RT–PCR, Southern blotting and western blotting

DNase-treated total RNA extracted from fresh liver samples with the RNeasy kit (Qiagen) was used to prepare oligo-dT complementary DNA with Superscript III (Invitrogen). RT–PCR primers are described in Supplementary Table 3. Southern and western blots were performed following standard techniques. For western blots, 40 µg protein were loaded per lane. Antibodies used include phospho-p53 (Ser15, Cell Signaling Technologies), p21 (Santa Cruz Biotechnology), Actin (Biolegend) and horseradish peroxidase-conjugated secondary antibodies (Pierce/ThermoScientifics).
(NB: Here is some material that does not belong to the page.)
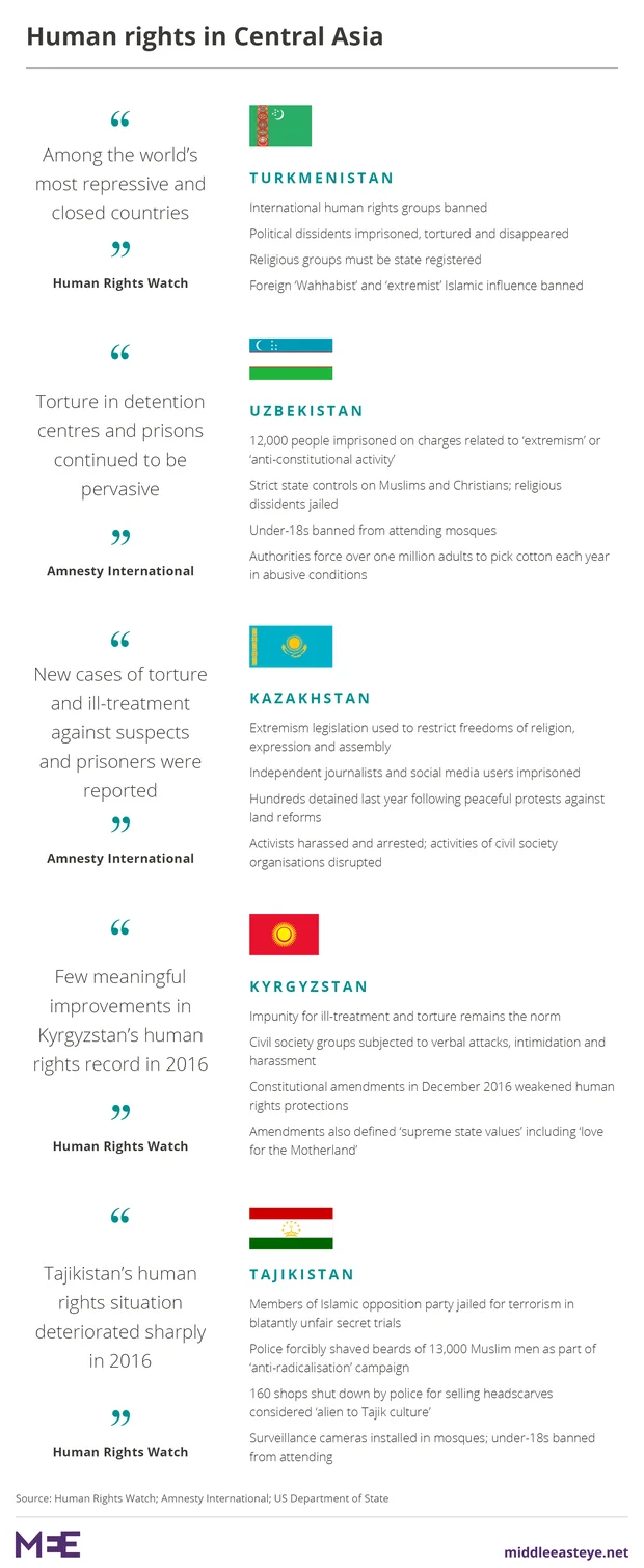 Human Rights Watch earlier this year described human rights protection as being "in crisis" in Central Asia, while Amnesty International said that "repression of dissent, critical opinion and political opposition" remained the norm across the region's former Soviet states.

Innate olfactory avoidance test

Animals were kept in a 12-h light/dark cycle and tested in the second half of the light cycle. Male mice (30–35-week-old, n = 4 per experimental condition) were fasted for 20 h before testing. To avoid confounding of data owing to learning, mice were used only once. To habituate to the experimental environment, mice were placed individually in a cage that was identical to the test cage (259 × 476 × 209 mm) for 20 min before the onset of testing. Following acclimation, mice were placed in an identical test chamber where their responses were recorded on a video camera (30 frames per second, 640 × 480 pixels) mounted above the test chamber. Confounding environmental/spatial cue effects were ruled out by monitoring total time spent in different zones of the chamber in the absence of odorants. For innate avoidance tests, circular filter paper (2.5 cm diameter) was scented with 40 µl of either water or progressively higher concentrations of 2-MB (1.74 × 10−6 M to 1.74 × 10−4 M) and mouse behaviour was recorded for 3 min. Videos were transferred to computer for subsequent analysis using NoldusEthovision v3.1 behavioural analysis software35. First the cage was divided into thirds and then time spent in each third for the duration of the recording was determined using the software. Total distance travelled, frequency of entry into the third containing the filter paper treated with the odorants (zone 3) as well as time spent investigating in this zone (to determine innate avoidance behaviour) was collated for each treatment and genotype.

Statistical analysis

All the data were analysed by one way ANOVA with Bonferroni’s post test (significantly different at P < 0.05). Survival curves were analysed with Mantel–Cox test.